* **Data entries**:
⟨
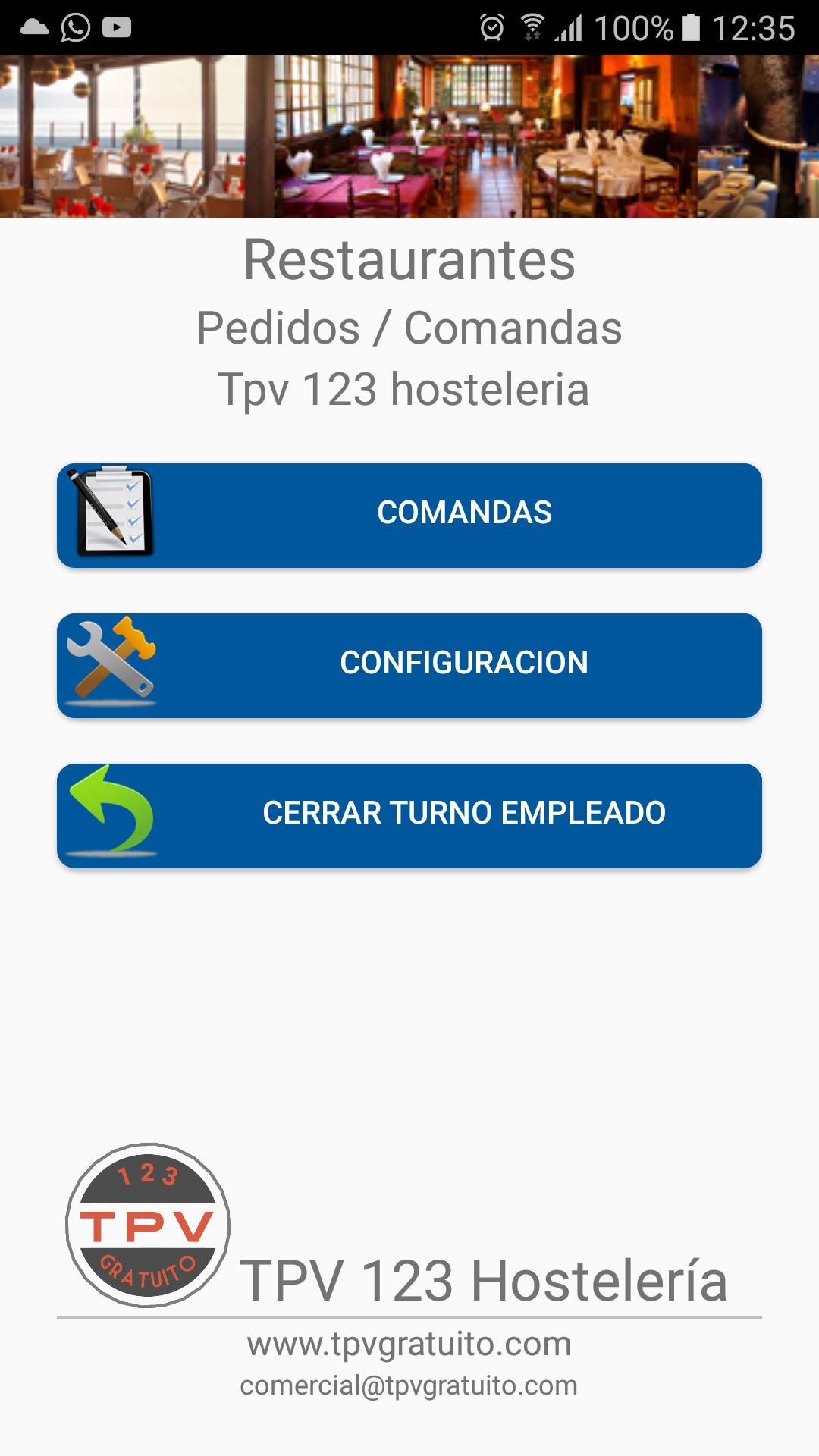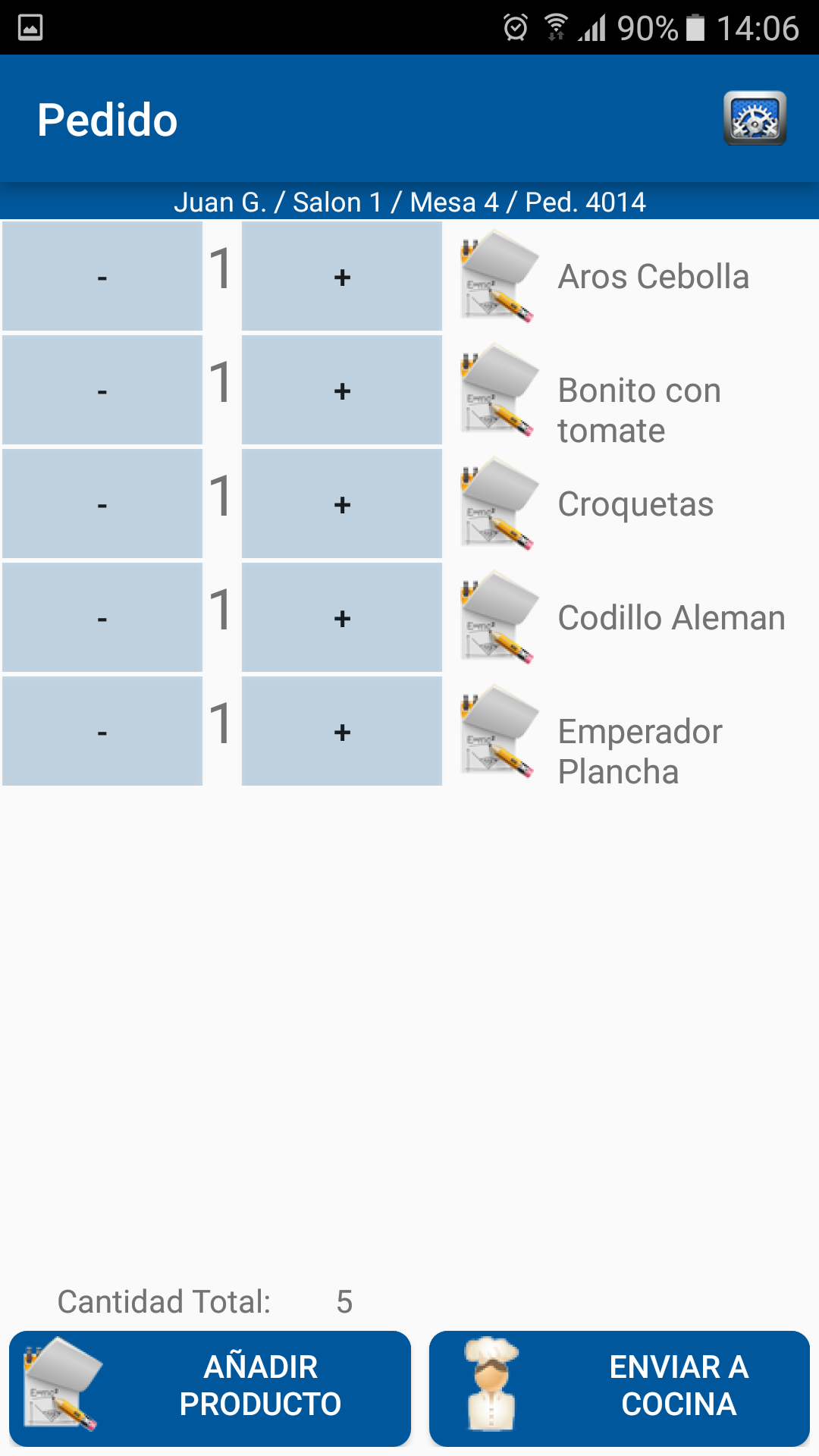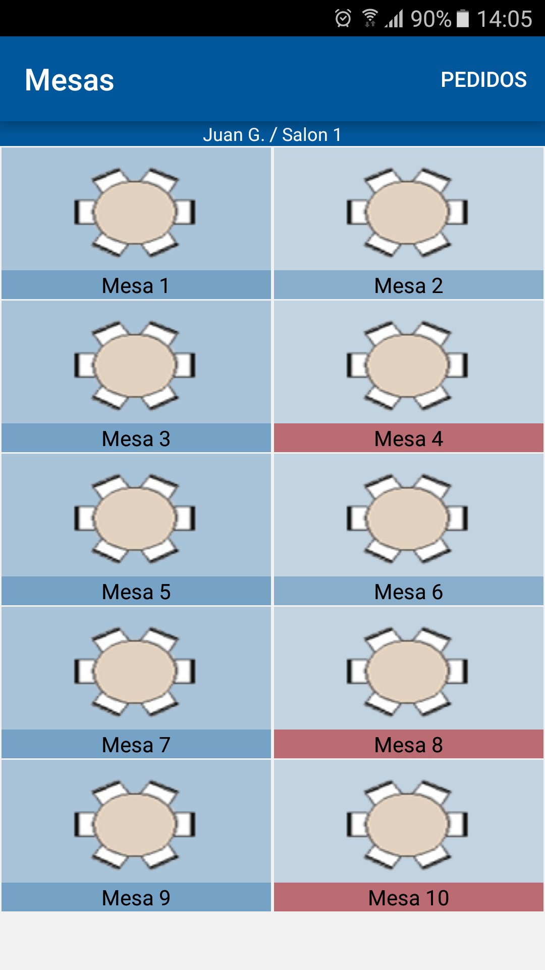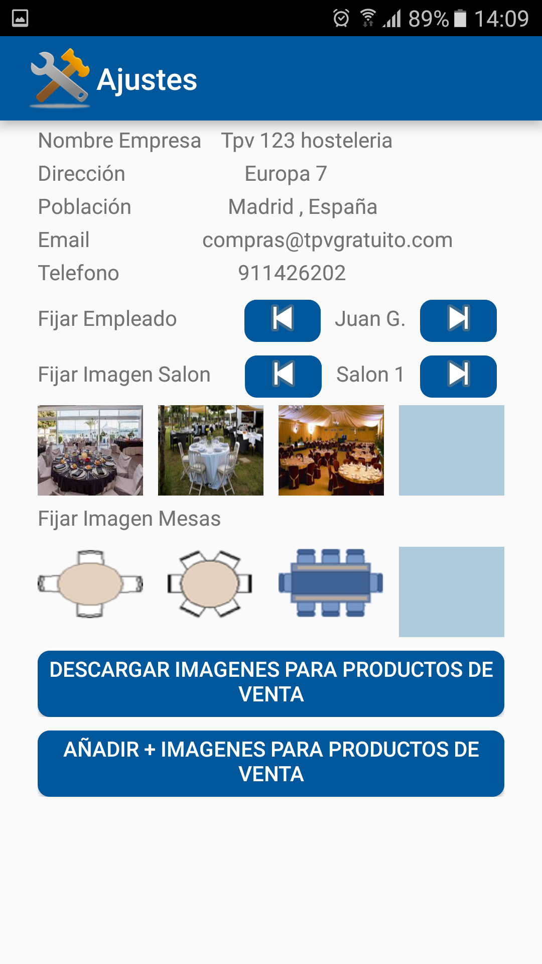 Podrá trabajar con varios salones y diferentes mesas. Configurar el programa con el nombre del camarero que lleva el comandero. Seleccione imágenes para cada salón, tipo de mesa y añada imágenes a sus productos de venta.
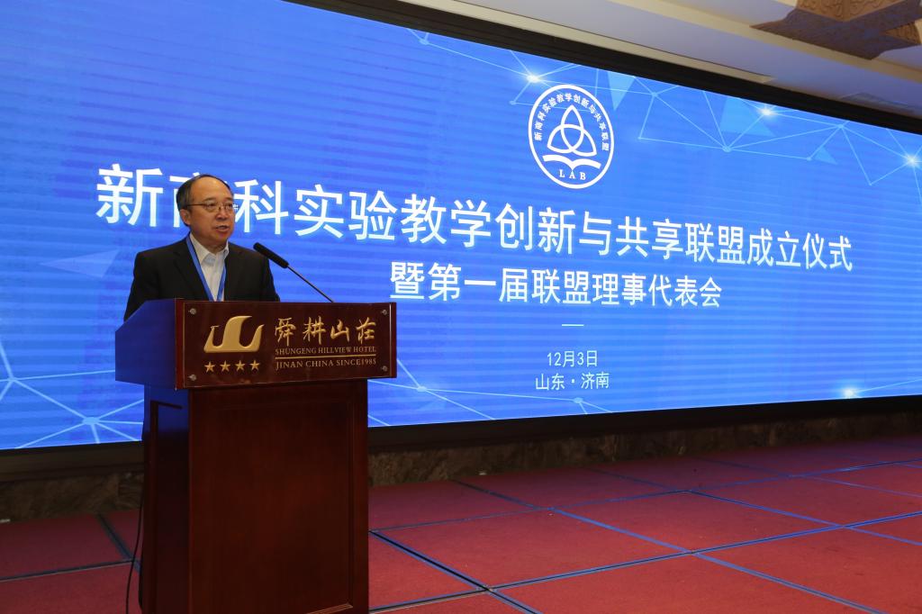 12月3日,由山东财经大学承办的全国新商科实验教学创新与共享联盟(以下简称联盟)成立仪式暨第一届联盟理事代表会议在济南举行。山东省教育厅高教处处长李霞,山东财经大学副校长陶虎,高等学校国家级实验教学示范中心联席会经管学科组组长、山东大学商学院院长戚桂杰等出席会议并致辞,实验教学中心主任丛建阁、副主任李斌与湖北经济学院实验教学中心常务副主任陈新武、副主任毛志斌及广西大学实验中心主任蒋侃分阶段主持会议。武汉大学、西南财经大学、广西大学等联盟创始高校,广西、湖北地区联盟派出代表以及山东大学、山东师范大学等联盟成员代表参加会议。会议采取现场和网络直播的方式同步进行,来自全国94家高校、企业代表100余人参加了会议。
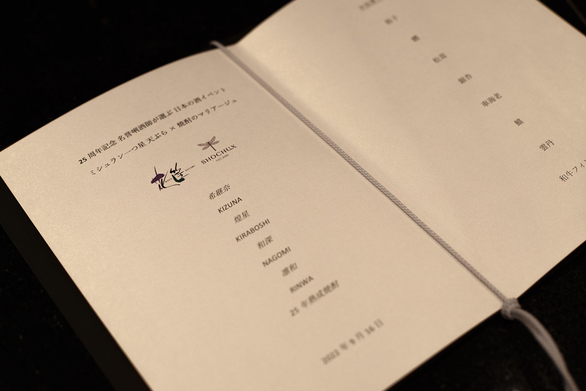 SHOCHU Xの商品である「希継奈(きずな)」「煌星(きらぼし)」「和深(なごみ)」「凜和(りんわ)」の4種類の説明を聞きながら、「ミシュランガイド京都・大阪2023」で一つ星店として掲載された「花筐」深名料理長の贅沢な一品一品をゲストに召し上がっていただきました。同日にリリースとなり、販売日には6分で売切となった25年熟成「NK麦025」を〆の食後酒として、25周年記念の貴重なイベントに華を添えることができました。また、ザ・リッツ・カールトン大阪ではSHOCHU Xの商品を導入いただいておりますので、引き続きSHOCHU Xの商品をお楽しみいただくことが可能です。
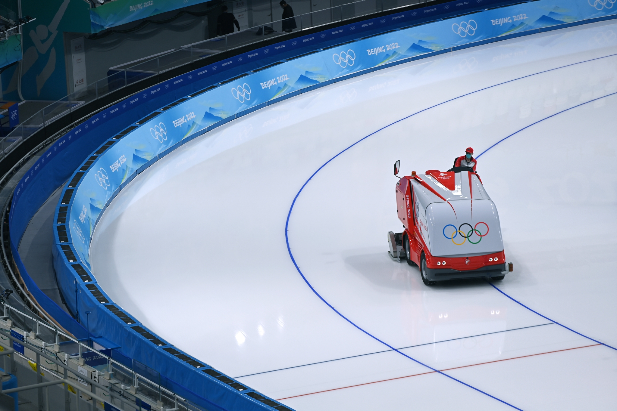 1月28日,澆冰車在國(guó)家速滑館工作。新華社記者 武巍 攝
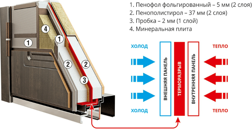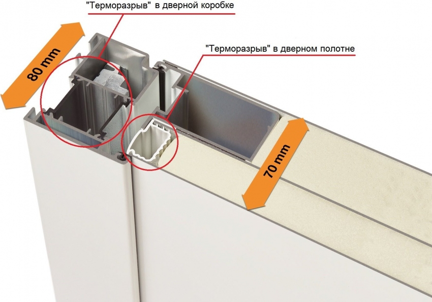 Reka bentuk sedemikian berfungsi berdasarkan undang-undang fizik yang mudah. Perbezaan antara keadaan suhu di jalan dan di dalam rumah diratakan oleh pintu, kerosakan termal berlaku kerana adanya lapisan penebat. Ia diperbuat daripada bahan dengan kekonduksian terma yang rendah. Dalam kebanyakan kes, lapisan ini adalah sisipan poliamida yang terjepit di antara beberapa bahan penebat haba.
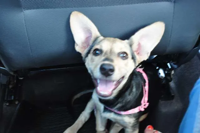 Cadela com aprox. 10 meses, tem uns 30 cm altura 50cm comprimento, contando com a cauda.
⟩
* **PROBLEM TO WORK ON**: We ask that the entries above be copied exactly, with the pictures omitted.

* **SOLUTION FOR THIS TASK**:
 Podrá trabajar con varios salones y diferentes mesas. Configurar el programa con el nombre del camarero que lleva el comandero. Seleccione imágenes para cada salón, tipo de mesa y añada imágenes a sus productos de venta.
 12月3日,由山东财经大学承办的全国新商科实验教学创新与共享联盟(以下简称联盟)成立仪式暨第一届联盟理事代表会议在济南举行。山东省教育厅高教处处长李霞,山东财经大学副校长陶虎,高等学校国家级实验教学示范中心联席会经管学科组组长、山东大学商学院院长戚桂杰等出席会议并致辞,实验教学中心主任丛建阁、副主任李斌与湖北经济学院实验教学中心常务副主任陈新武、副主任毛志斌及广西大学实验中心主任蒋侃分阶段主持会议。武汉大学、西南财经大学、广西大学等联盟创始高校,广西、湖北地区联盟派出代表以及山东大学、山东师范大学等联盟成员代表参加会议。会议采取现场和网络直播的方式同步进行,来自全国94家高校、企业代表100余人参加了会议。
 SHOCHU Xの商品である「希継奈(きずな)」「煌星(きらぼし)」「和深(なごみ)」「凜和(りんわ)」の4種類の説明を聞きながら、「ミシュランガイド京都・大阪2023」で一つ星店として掲載された「花筐」深名料理長の贅沢な一品一品をゲストに召し上がっていただきました。同日にリリースとなり、販売日には6分で売切となった25年熟成「NK麦025」を〆の食後酒として、25周年記念の貴重なイベントに華を添えることができました。また、ザ・リッツ・カールトン大阪ではSHOCHU Xの商品を導入いただいておりますので、引き続きSHOCHU Xの商品をお楽しみいただくことが可能です。
 1月28日,澆冰車在國(guó)家速滑館工作。新華社記者 武巍 攝
 Reka bentuk sedemikian berfungsi berdasarkan undang-undang fizik yang mudah. Perbezaan antara keadaan suhu di jalan dan di dalam rumah diratakan oleh pintu, kerosakan termal berlaku kerana adanya lapisan penebat. Ia diperbuat daripada bahan dengan kekonduksian terma yang rendah. Dalam kebanyakan kes, lapisan ini adalah sisipan poliamida yang terjepit di antara beberapa bahan penebat haba.
 Cadela com aprox. 10 meses, tem uns 30 cm altura 50cm comprimento, contando com a cauda.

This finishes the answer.